Abstracts

Rationale: Fenfluramine (FFA) has been shown in 2 randomized, placebo-controlled clinical trials to substantially reduce the frequency of convulsive seizures in children and young adults with Dravet syndrome (DS, median % reduction compared with placebo, 54% and 65%). FFA had been previously marketed as a weight loss drug for obese adults but was withdrawn following reports of valvular heart disease (VHD). Here we report an update on the cardiovascular safety of patients with DS treated for up to 3 years.

Methods: Patients who successfully completed one of the three phase 3 trials were eligible to enroll in this open-label extension (OLE) study (NCT02823145). Upon entry into the OLE, all patients started FFA at 0.2 mg/kg/day. After 4 weeks, the dose could be titrated based on efficacy and tolerability to a maximum of 0.7 mg/kg/day (maximum 26 mg/day) or 0.4 mg/kg/day (maximum 17 mg/day) for patients concomitantly receiving stiripentol. During the OLE, all patients were assessed with transthoracic echocardiography (TTE) using a priori standardized methods and blinded readings in accordance with American Society of Echocardiography standards for echocardiography core laboratories (Douglas, 2009). TTEs were performed at OLE entry, then after 4-6 weeks, and every 3 months thereafter. VHD was defined as ≥ moderate mitral regurgitation (MR) and/or ≥ mild aortic regurgitation (AR) and physical signs or symptoms attributable to valve disease (eg, structural lesion/restriction of valve movement of the aortic or mitral valve, abnormal left ventricular systolic function with depressed left ventricle ejection fraction, left ventricle dilatation, left atrial enlargement). Systolic pulmonary artery pressure >35 mmHg (measured by tricuspid regurgitant jet velocity) was considered evidence of pulmonary artery hypertension (PAH).

Results: As of 11/30/2021, 327 patients had enrolled in the OLE and received at least 1 dose of FFA (mean age at enrollment [±SD], 9.2±4.7 years; 46.5% female).
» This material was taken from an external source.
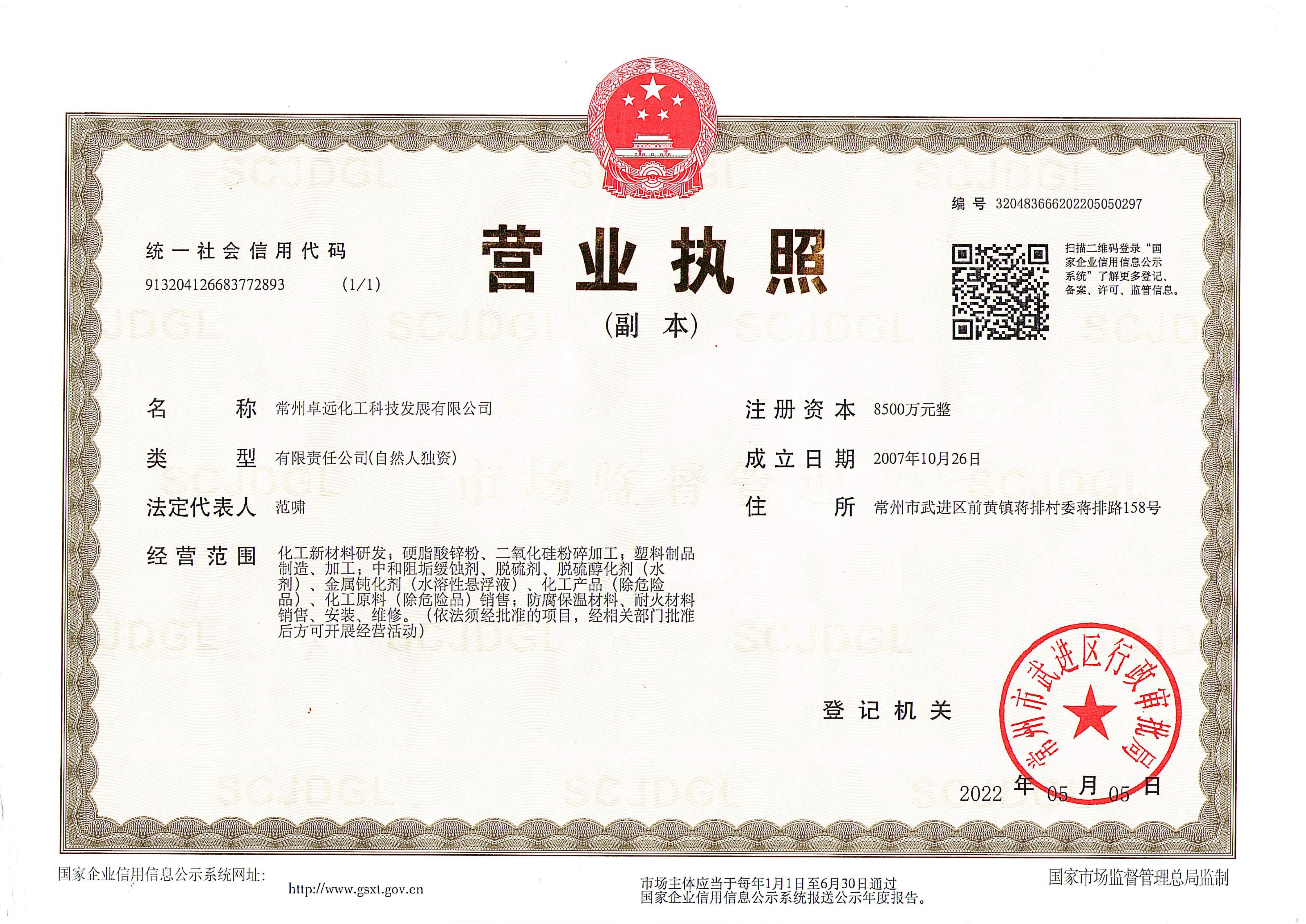 | 公司介绍 | 常州卓远化工科技发展有限公司,是集科研、生产、供应、销售为一体的综合企业。是中国中化、中国石化、中国石油一级供应商。下属公司分安徽、江苏两个生产基地。主营:炼油助剂、化工助剂、塑料制品,专业生产塑料编织袋、集装袋、聚乙烯吹塑薄膜及配套成型制袋内膜。公司拥有先进的生产设备和检验检测设备。我公司严格按照国标执行,并且已经全面通过ISO9001国际质量体系认证。现年产规模集装袋60万条。公司计划2026年再投入扩能增产,扩建食品级集装袋缝制车间,届时产能将达到120万条集装袋和相应配套的生产规模。目前公司产品已申报炼油产品发明专利实审通过15项、授权5项。炼油助剂系列产品的主要应用厂家如下:扬子石化、海南炼化、广州石化、九江石化、荆门石化、上海石化、上海赛科、中化泉州石化、山东正和集团、山东华星集团、山东昌邑石化、湖南石化、山东裕龙石化、淄博鑫泰石化、东营华联石化、东营联合石化、安庆石化、中科炼化。 |

A total of 262, 191, and 100 patients had echocardiograms after 12, 24, and 36 months of treatment in the OLE, respectively. A total of 3308 TTEs have been conducted (mean±SD per patient, 10.1±3.2) during the study. A single patient (0.3%) had a finding of mild MR (considered physiologic) during the study, and no patients demonstrated moderate or greater MR during the OLE. A single patient (0.3%) demonstrated mild (considered pathologic) AR at Month 15—a finding that triggered additional investigation. A transesophageal echocardiogram (TEE) performed 6 weeks later found absent AR with trace MR. No abnormalities of valve morphology were found on TEE or on TTE. No VHD or PAH was observed in any patient during the OLE.
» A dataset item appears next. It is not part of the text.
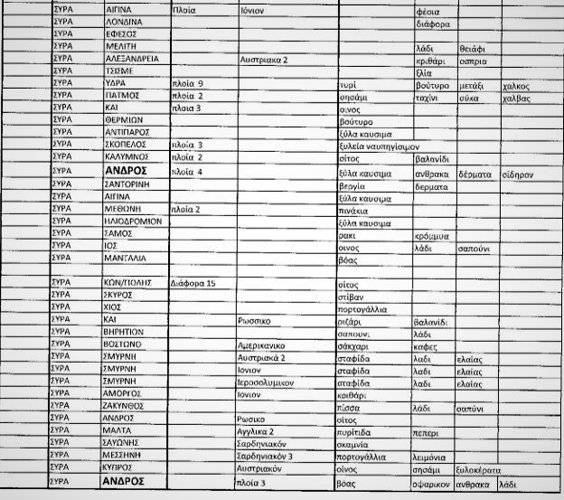 7. Κύριο λιμάνι τροφοδοσίας της Άνδρου ήταν η Σύρος (πίνακες 3 & 4). Όμως υπήρχε κινητικότητα και προς άλλα λιμάνι όπως Πόρος, Χίος, Ψαρά, Τήνος Σκόπελος, Σκιάθος, Κωνσταντινούπολη, Σμύρνη κλπ.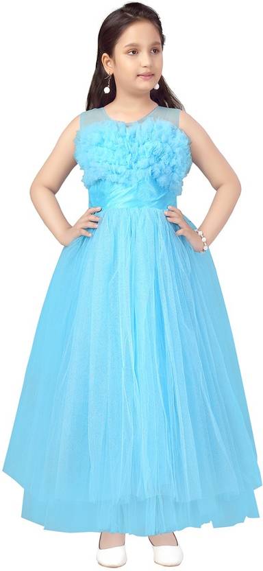 Girls Maxi/Full Length Party Dress (Light Blue, Sleeveless)

Conclusions: This study is the largest, longest, and most rigorous prospective examination of the cardiovascular safety of FFA, and its results continue to demonstrate absence of clinically significant VHD or PAH. These data support a positive benefit-risk profile for FFA in the treatment of patients with DS.

Funding: Please list any funding that was received in support of this abstract.: Zogenix, Inc.